**Stored data entries**

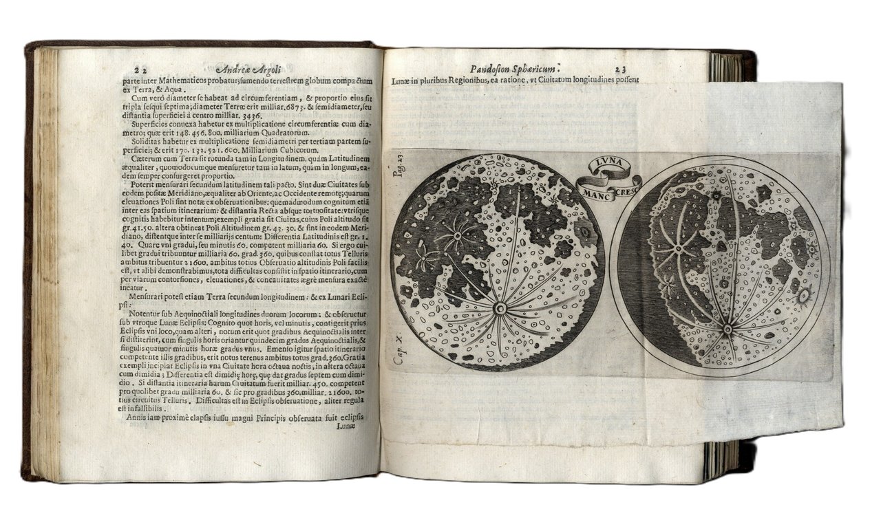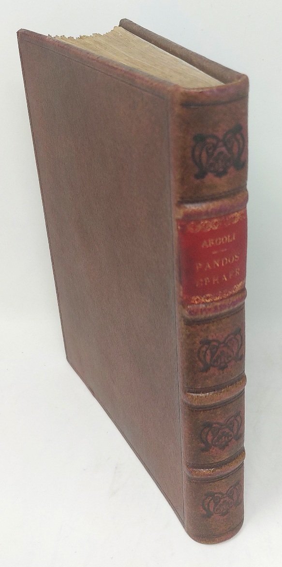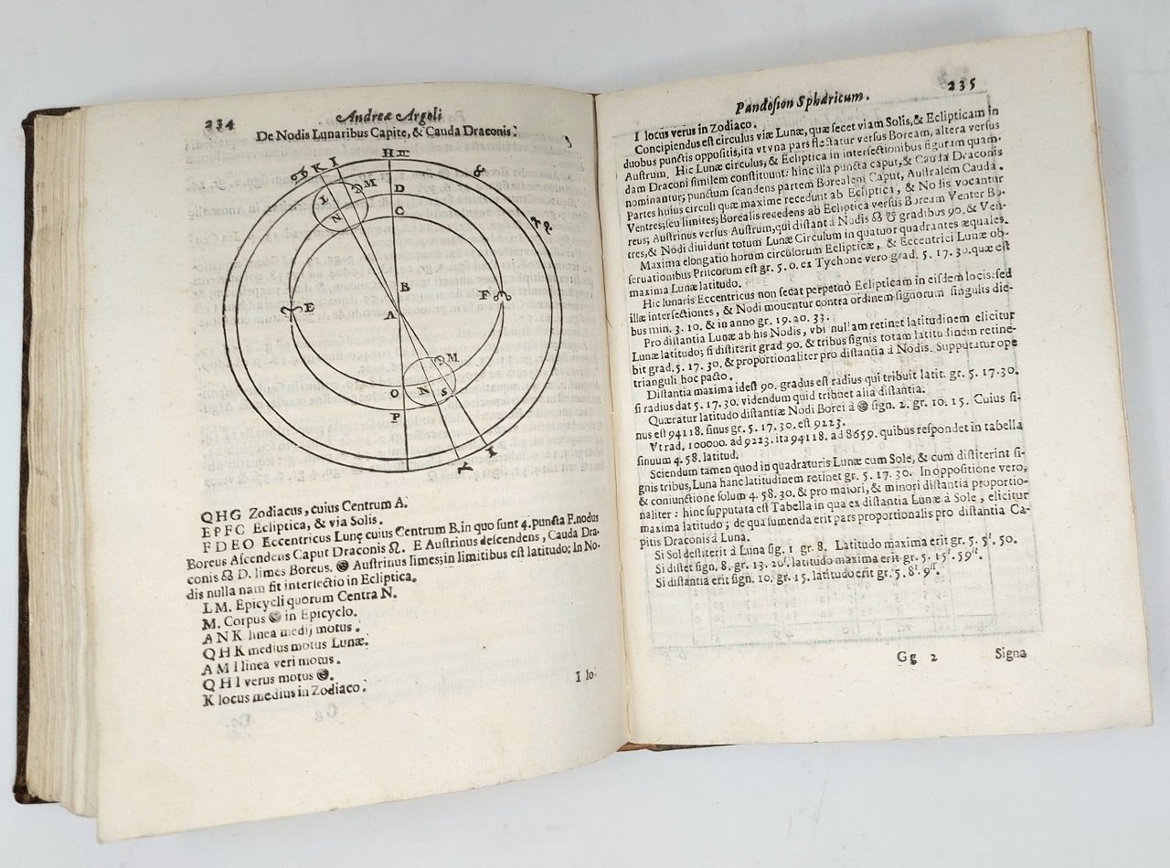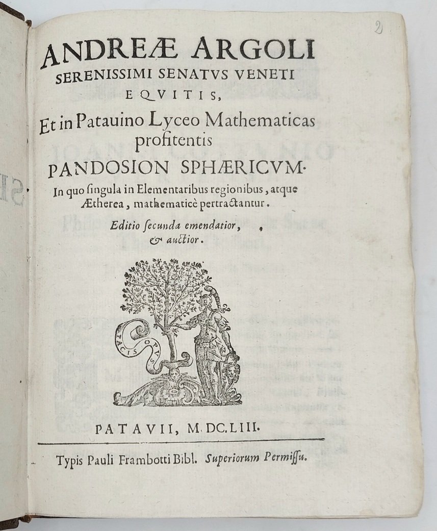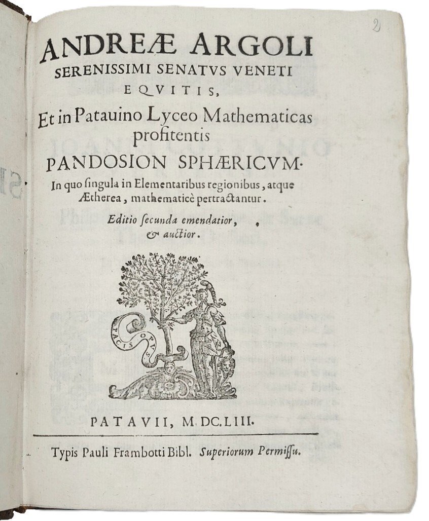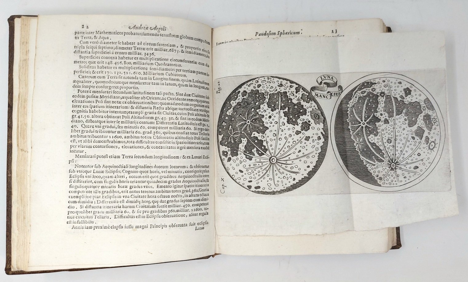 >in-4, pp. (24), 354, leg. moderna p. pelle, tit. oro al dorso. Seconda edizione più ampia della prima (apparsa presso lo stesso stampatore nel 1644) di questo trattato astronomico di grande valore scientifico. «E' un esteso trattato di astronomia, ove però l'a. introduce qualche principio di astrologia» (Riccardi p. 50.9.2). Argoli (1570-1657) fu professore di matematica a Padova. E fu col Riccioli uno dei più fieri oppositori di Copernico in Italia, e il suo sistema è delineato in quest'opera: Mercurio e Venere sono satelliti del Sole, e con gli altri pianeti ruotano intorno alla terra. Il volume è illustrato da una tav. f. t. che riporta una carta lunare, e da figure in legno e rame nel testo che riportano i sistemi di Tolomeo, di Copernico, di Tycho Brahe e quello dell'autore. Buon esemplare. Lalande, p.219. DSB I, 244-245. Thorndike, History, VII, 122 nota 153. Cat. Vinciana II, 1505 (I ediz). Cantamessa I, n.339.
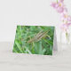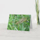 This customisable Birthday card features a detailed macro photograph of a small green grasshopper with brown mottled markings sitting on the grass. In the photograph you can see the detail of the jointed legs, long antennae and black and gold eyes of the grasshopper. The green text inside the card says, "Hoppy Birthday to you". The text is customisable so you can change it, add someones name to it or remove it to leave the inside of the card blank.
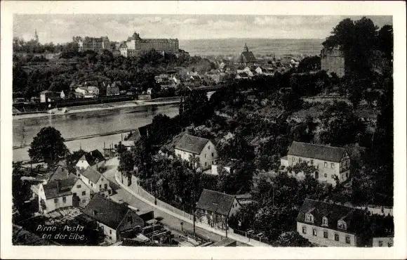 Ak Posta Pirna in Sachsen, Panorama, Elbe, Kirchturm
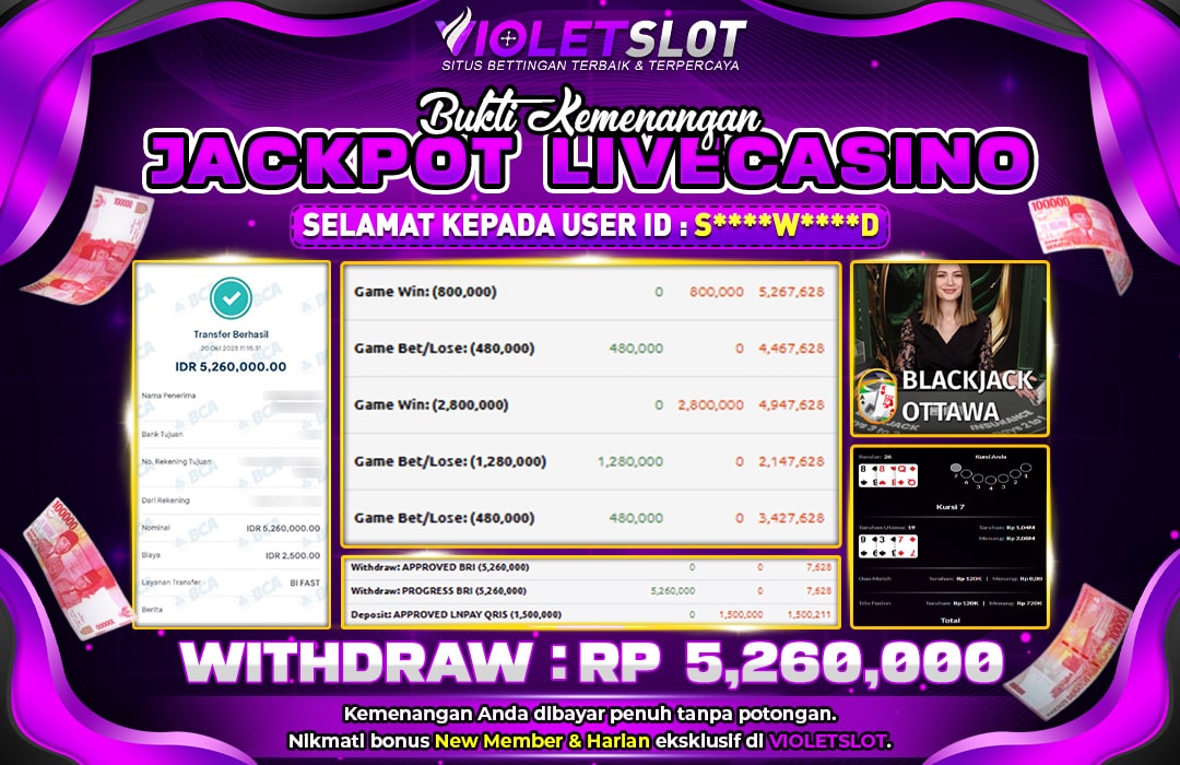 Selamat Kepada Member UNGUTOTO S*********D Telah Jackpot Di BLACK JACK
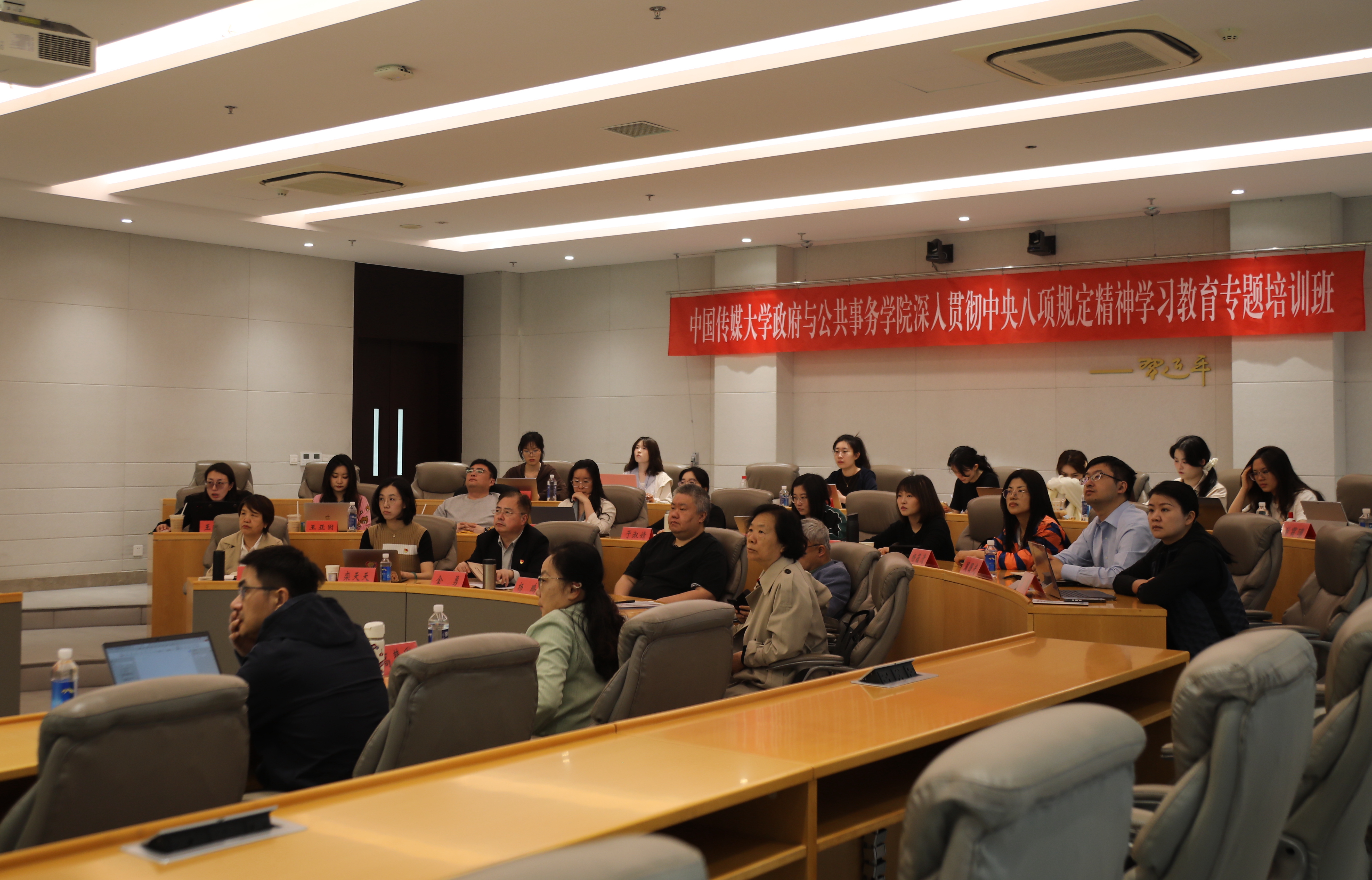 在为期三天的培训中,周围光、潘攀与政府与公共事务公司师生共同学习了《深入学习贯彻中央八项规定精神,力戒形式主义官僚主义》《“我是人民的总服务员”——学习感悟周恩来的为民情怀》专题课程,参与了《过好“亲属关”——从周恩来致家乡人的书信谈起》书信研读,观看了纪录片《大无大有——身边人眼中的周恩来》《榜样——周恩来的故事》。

**Exercise prompt**
Set every entry down again word for word, but not the pictures.

**Task response**
 >in-4, pp. (24), 354, leg. moderna p. pelle, tit. oro al dorso. Seconda edizione più ampia della prima (apparsa presso lo stesso stampatore nel 1644) di questo trattato astronomico di grande valore scientifico. «E' un esteso trattato di astronomia, ove però l'a. introduce qualche principio di astrologia» (Riccardi p. 50.9.2). Argoli (1570-1657) fu professore di matematica a Padova. E fu col Riccioli uno dei più fieri oppositori di Copernico in Italia, e il suo sistema è delineato in quest'opera: Mercurio e Venere sono satelliti del Sole, e con gli altri pianeti ruotano intorno alla terra. Il volume è illustrato da una tav. f. t. che riporta una carta lunare, e da figure in legno e rame nel testo che riportano i sistemi di Tolomeo, di Copernico, di Tycho Brahe e quello dell'autore. Buon esemplare. Lalande, p.219. DSB I, 244-245. Thorndike, History, VII, 122 nota 153. Cat. Vinciana II, 1505 (I ediz). Cantamessa I, n.339.
 This customisable Birthday card features a detailed macro photograph of a small green grasshopper with brown mottled markings sitting on the grass. In the photograph you can see the detail of the jointed legs, long antennae and black and gold eyes of the grasshopper. The green text inside the card says, "Hoppy Birthday to you". The text is customisable so you can change it, add someones name to it or remove it to leave the inside of the card blank.
 Ak Posta Pirna in Sachsen, Panorama, Elbe, Kirchturm
 Selamat Kepada Member UNGUTOTO S*********D Telah Jackpot Di BLACK JACK
 在为期三天的培训中,周围光、潘攀与政府与公共事务公司师生共同学习了《深入学习贯彻中央八项规定精神,力戒形式主义官僚主义》《“我是人民的总服务员”——学习感悟周恩来的为民情怀》专题课程,参与了《过好“亲属关”——从周恩来致家乡人的书信谈起》书信研读,观看了纪录片《大无大有——身边人眼中的周恩来》《榜样——周恩来的故事》。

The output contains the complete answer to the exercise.